When she fluffed her lines, the church interpreter showed kindness and understanding, helping Anyim rephrase her testimony. And Anyim must have been shocked when Papa came after her, booming, “Give her the phone!!” “What Law!?” “What’s the name of the degree called, Medicine is MBBS?”

Anyim panicked further and said, “BSc in Law.” Papa roared, “It’s a lie!! BSc Law! Is that how lawyers speak English?” Hoping to be given a second chance, Anyim recovered a little and said, “LLB Law, sir” but Papa was done with her, Anyim was already on her way to the lake. I wonder how Anyim made it till daybreak.

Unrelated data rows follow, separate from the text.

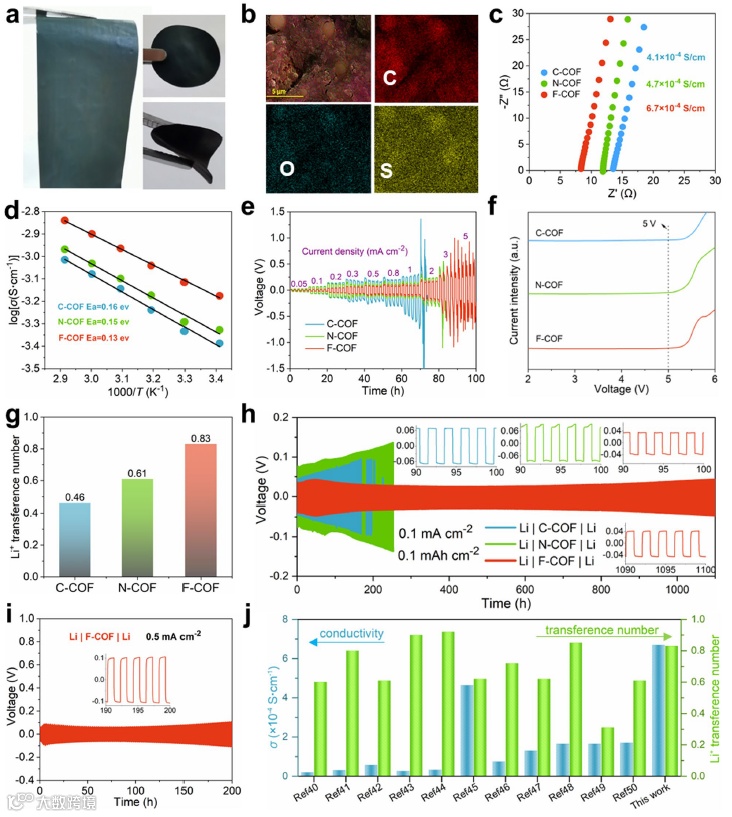 图4 固态电解质膜F-COF的实物图及相关的电化学性能测试。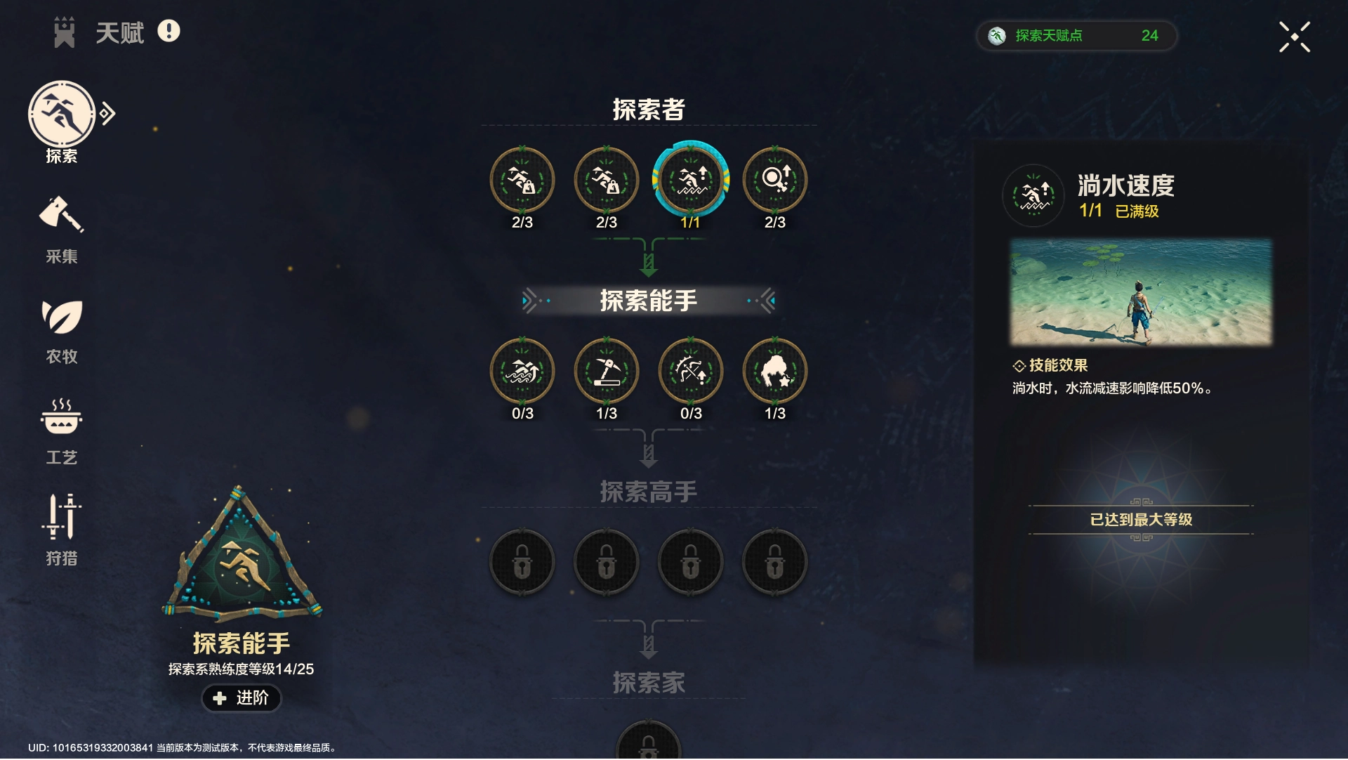人物天赋分为“探索、采集、农牧、工艺、狩猎”五个大类。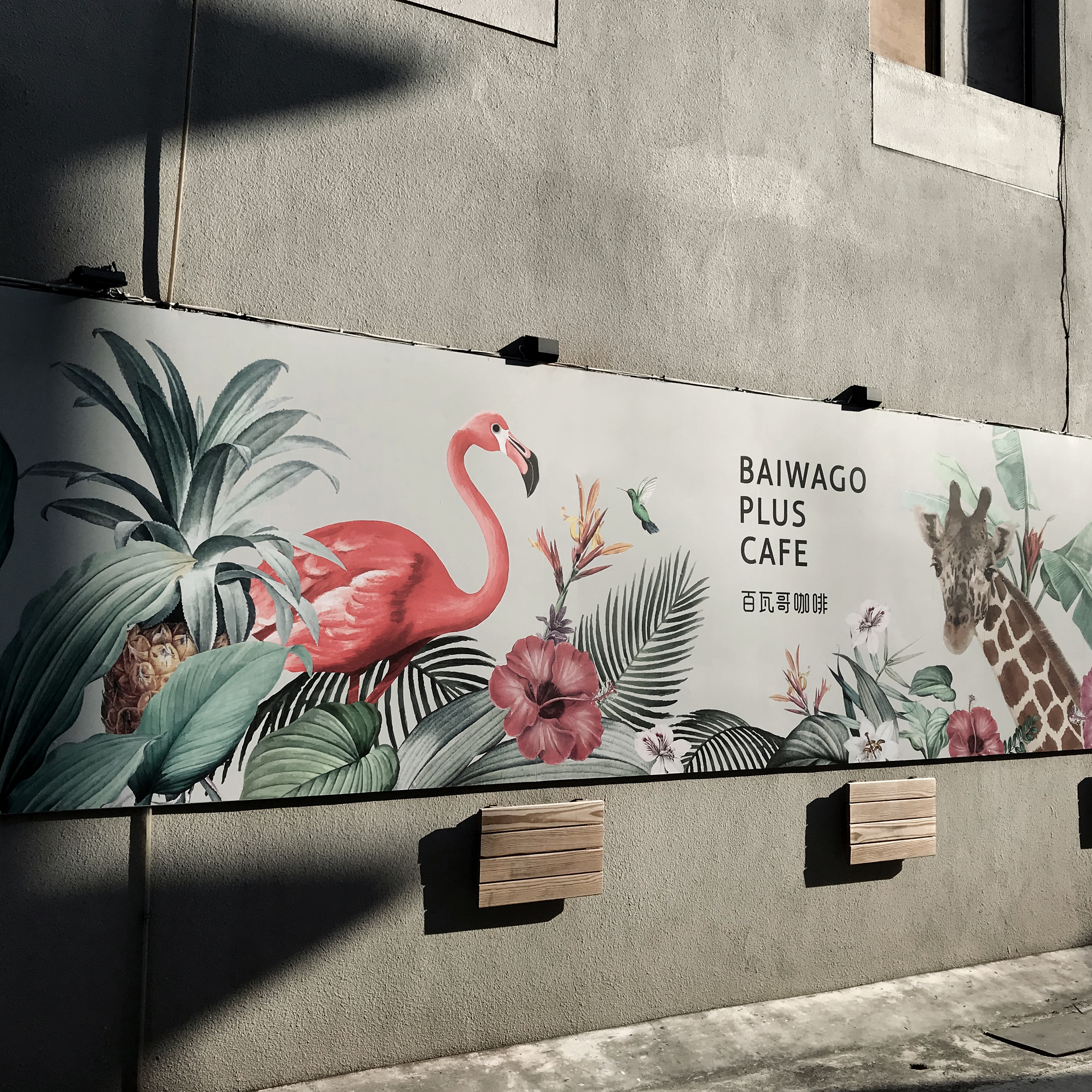 百瓦哥咖啡也在這裡設計了一面充滿南洋風情的打卡牆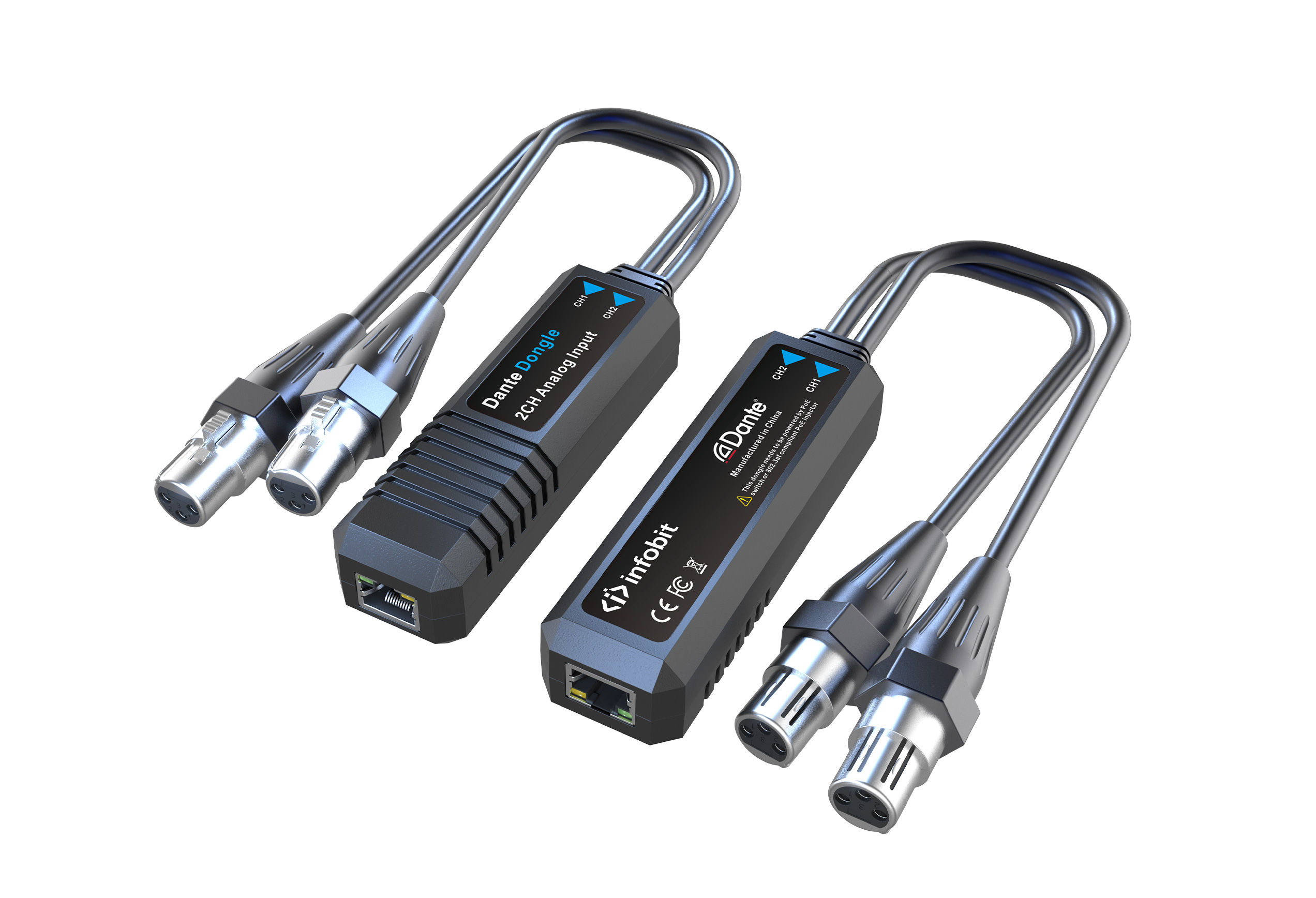 Конвертер, аналог - Dante (передатчик), 2 аналоговых входа XLR(F), 1xRJ45(Dante). Питание PoE 125мм. Новая версия

Me, I went to school and I got an LLB in English Language and Literature o. Sorry, jare, I meant a B.A degree. Writing fatigue is setting in. I’ll round off shortly, please.

As an English Language and Literature student, I was involved in many drama productions. The accomplished literary giant, Professor Udenta O. Udenta, taught me drama. To situate the Anyim saga in perspective, I called my friend and one-year senior during my undergraduate days, Azubuike Erinugha. I asked Erinugha, who now has a doctorate, the name of his classmate, who fled to backstage during a drama presentation, thinking he had severed his manhood. Zooby, that’s the alias of Erinugha, recalled the name of our co-actor. I can still see Ralph, grabbing his crotch with his left hand as he ran backstage with a knife in his right hand. “I thought I had cut it…” Ralph said at the backstage. Zooby, a filmmaker based in Germany and Belgium, teaches participatory filmmaking for community development.

Ralph came back on stage later, the audience didn’t know what was amiss. They laughed when he fled, thinking it was all part of the comedy. But, like the tale of Anyim, Ralph’s stage fright wasn’t a laughing matter.

Do you remember a top Nigerian musician who performed at the Nelson Mandela concert in London around 2008? When he got on stage, he opened his mouth, but nothing came out. Stage fright is not NICE. Please, let’s give a clap offering for Anyim for tumbling through her lines. E no easy.